2000’li yıllardan sonra üretimler hız kesmedi ve halen ciddi yatırımlar sürüyor. Avrupa’daki ilk üç büyük üreticiden biriyiz, Almanya ve İtalya’dan sonra üçüncü sıradayız. Dünya sıralamasında ise bağlantı elemanları üretiminde ilk 10’un içinde olduğumuzu tahmin ediyoruz. Sektörümüz yaklaşık 600 bin ton üretim kapasitesine sahip ve yıllık 500 bin ton üretim yapıyor. 2000’li yıllardan sonra ihracatımızda hızlı bir artış oldu, şu an 300 milyon dolar direkt, en az bunun yarısı kadar da en direkt ve toplamda ise 450-500 milyon dolar civarında ihracatımızın olduğunu tahmin ediyoruz. Buna rağmen halen 500 milyon dolarlık ithalat yapılıyor. Dernek olarak yaptığımız çalışmalar sonucu ithal ürünlere getirilen gözetim uygulamasının ithalatın azalmasına büyük katkı sağladığı kanısındayız. Önümüzdeki beş yıl içinde ihracatımızın 750 milyon dolara çıkacağına inanıyoruz. Umuyoruz ki birkaç yıl içinde Avrupa’daki iki büyük üreticiden biri olacak ve dünyada ise ilk sekize gireceğiz. Bugün bağlantı elemanları üreticileri olarak artık hammaddemizin yüzde 90’ını yerli imalatçılardan karşılıyoruz. Hammadde konusunda dışarıya bağımlı değiliz. Derneğimizin yoğun çalışmaları ve hammadde üreticileriyle yaptığımız görüşmeler sonucu, kullandığımız hammaddeler ülkemizde üretilmeye başladı. Sektörümüz gerçekleştirdiği ihracat ve hammadde de dışarıya bağımlılıktan kurtularak cari açığımızın kapatılmasına katkı sağlıyor. Ayrıca bağlantı elemanları üreticileri olarak geliştirdiğimiz özel ürünler de ülkemizin katma değerli ürünleri pazara sunmasında önemli rol oynadı.

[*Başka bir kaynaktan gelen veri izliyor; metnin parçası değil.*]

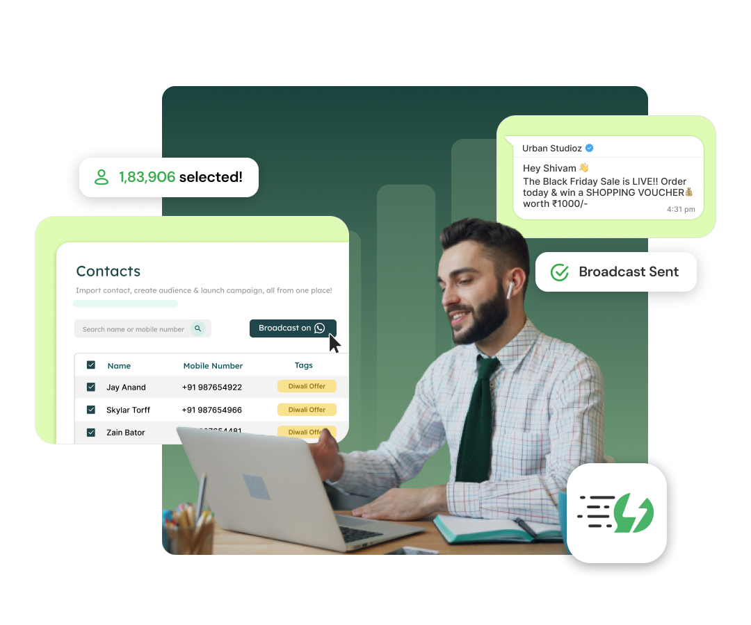 Simply import all your contacts and broadcast approved messages instantly โ whether it's holiday greetings or year-end offers.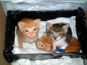 眼が開いていてもよく見えてないキトンブルーの眼をしたチビ猫たち。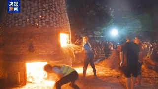 佛山市烧番塔非物质文化遗产传承人 陈永锦:到八月十五中秋节都有风俗,烧“番塔”,人们把它当作祈福的一个方法。希望生活一天天好,一年一年好,生活得红红火火。下面有底直径是一米八,把它团团圆圆砌起来,收到上面的口,80厘米左右,火就容易烧,火焰这样就高了。
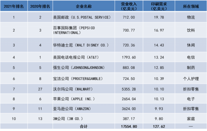 榜單顯示,2021年,美國百強(qiáng)印刷買家企業(yè)預(yù)計(jì)將采購562.11億美元的印刷品,同比2020年增長2.66%,占比達(dá)到美國印刷總需求1397.68億美元的28.7%。其中,前10強(qiáng)印刷買家企業(yè)的印刷總需求預(yù)計(jì)為127.62億美元,同比增長13%,在100家企業(yè)中占比達(dá)到22.7%,比重進(jìn)一步提升。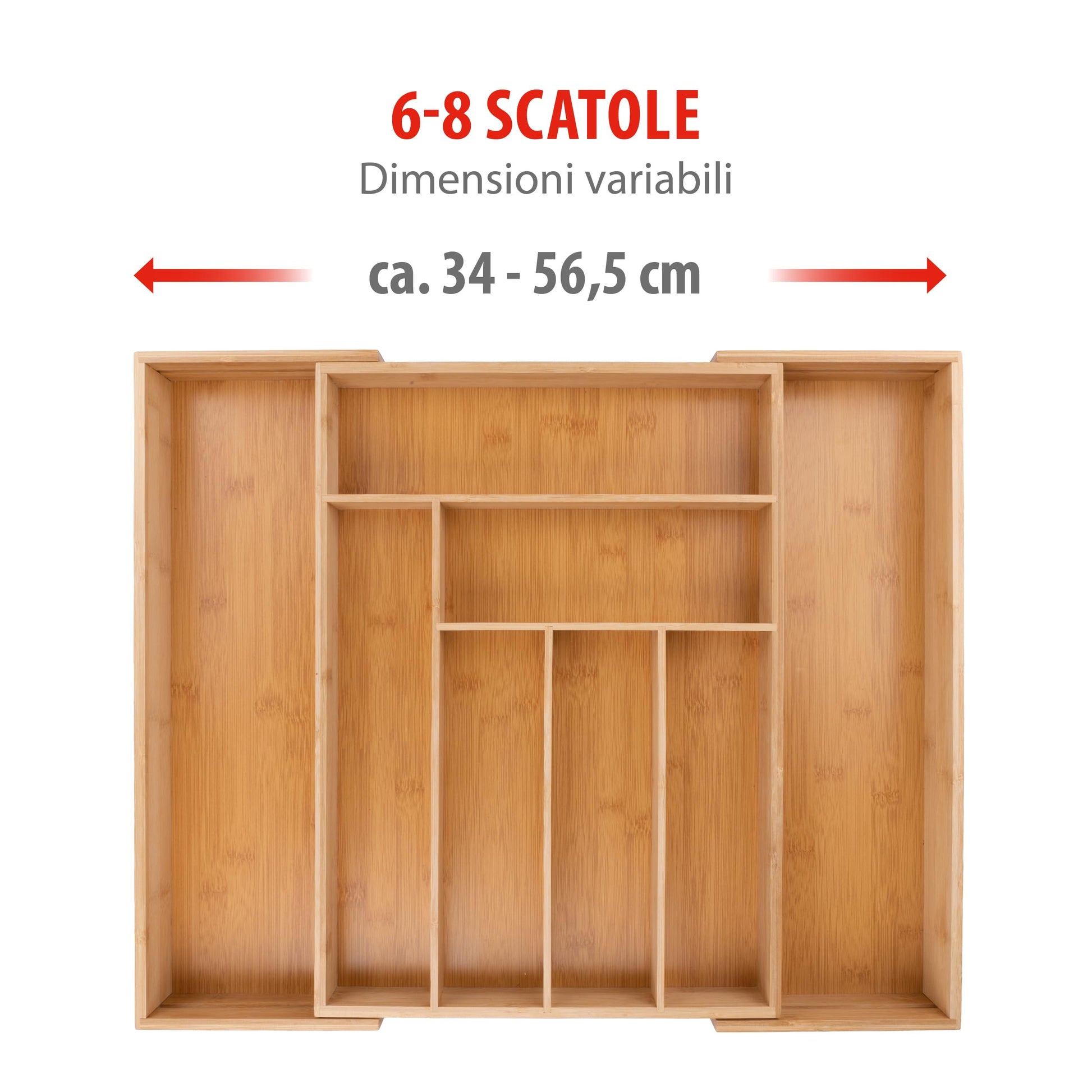 alpina Drawer Cutlery Tray - Expandable Kitchen Drawer Organizer 46 x 34-56.5 x 6 cm - Drawer Organizer with 6 to 8 Compartments - For Kitchen Utensils, Sunglasses and More - Bamboo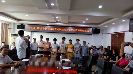 6月17日星期三下午3点,在宜宾职业技术学院科苑宾馆三楼会议室,举办了“江安县2015年劳务扶贫培训宜宾职业技术学院电商班结业座谈会”。在座谈会中首先是培训小组代表发言,培训代表表达了对本次培训给予支持的江安县政府以及学院表示真诚的谢意,并表示本次培训让他们对电子商务有了一个全新的认识,大大的增强了他们利用现代化技术开展农业经济活动的信心,也让他们对改造农村经济,提高农村收入带动全村农民集体致富有了新的想法。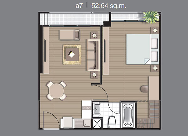 Lay Out ห้องแบบ 1 ห้องนอน ขนาด 52.64 ตร.ม.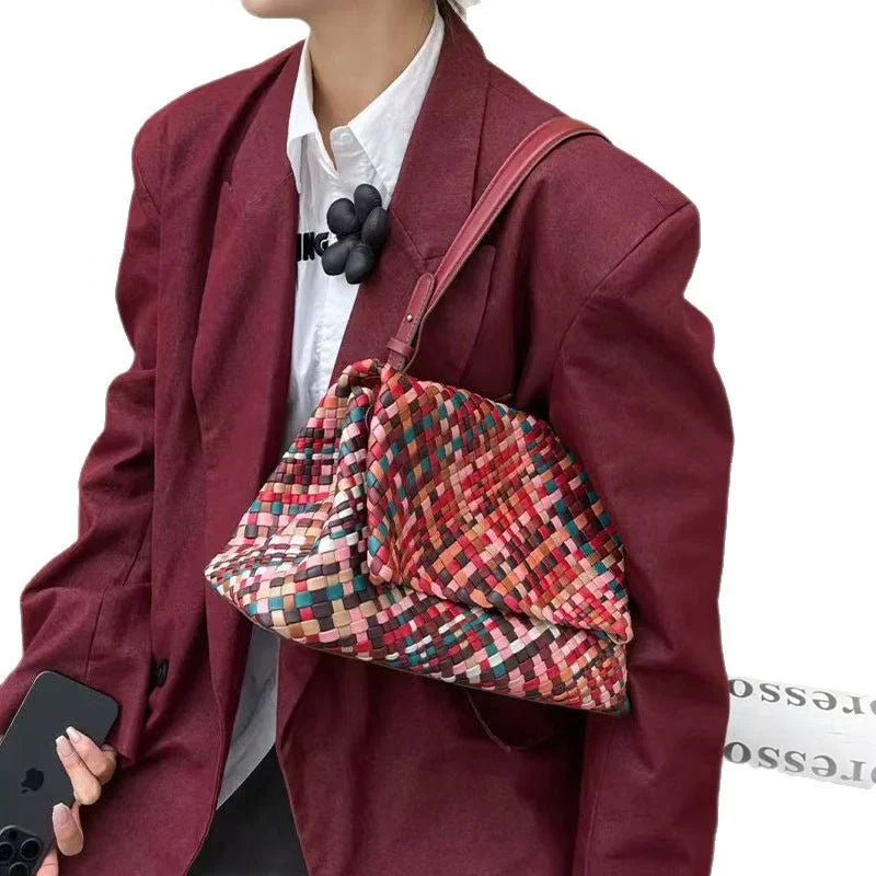 Multiple Colour Lambskin Hobo Bag, Large Handcrafted Woven Leather Shoulder Bag
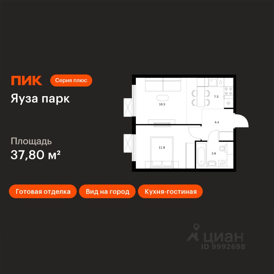 Продаётся 1-комн. квартира площадью 37,8 кв.м на 19 этаже 24 этажного дома (Корпус 6, Секция 1) проекта ПИК Яуза парк. Светлый просторный подъезд на уровне земли, функциональная планировка, большие окна, c отделкой.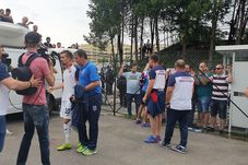 Unul dintre liderii verstiarului Stelei, Alin Predescu, s-a pus în genunchi în fața peluzei, în timp ce un alt fotbalist era dezbrăcat de suporterii care au sărit gardul peluzei, la finalul celor 90 de minute.

Sektörünüzün hedef pazarları hangi ülkelerdir?

Bağlantı elemanları sektörü sanayinin olduğu her noktada mevcuttur. Özellikle otomotiv, beyaz eşya, mobilya, makine, elektrik, çelik konstrüksiyon ve inşaat sektörlerinde yoğun olarak kullanılıyor. Ülkemizdeki bağlantı elemanları üretiminin yüzde 65’i ihraç ediliyor. Bu ihracatımızın da yüzde 85’i gelişmiş ülkelere yönelik. Bu ülkeler arasında da en büyük pay ile Almanya yer alıyor. Bu durum, bağlantı elemanları sektörü olarak arzulanan kaliteyi yakaladığımızın da göstergesidir. Avrupa Birliği pazarı birinci önceliğimizdir. Bununla birlikte gelişen pazarlarda ihracatı artırmak her zaman hedeflerimiz arasındadır. Endüstriyel imalatın olduğu her alanda, her zaman olmak istiyoruz ve bunun içinde çalışmalarımızı sürdürüyoruz.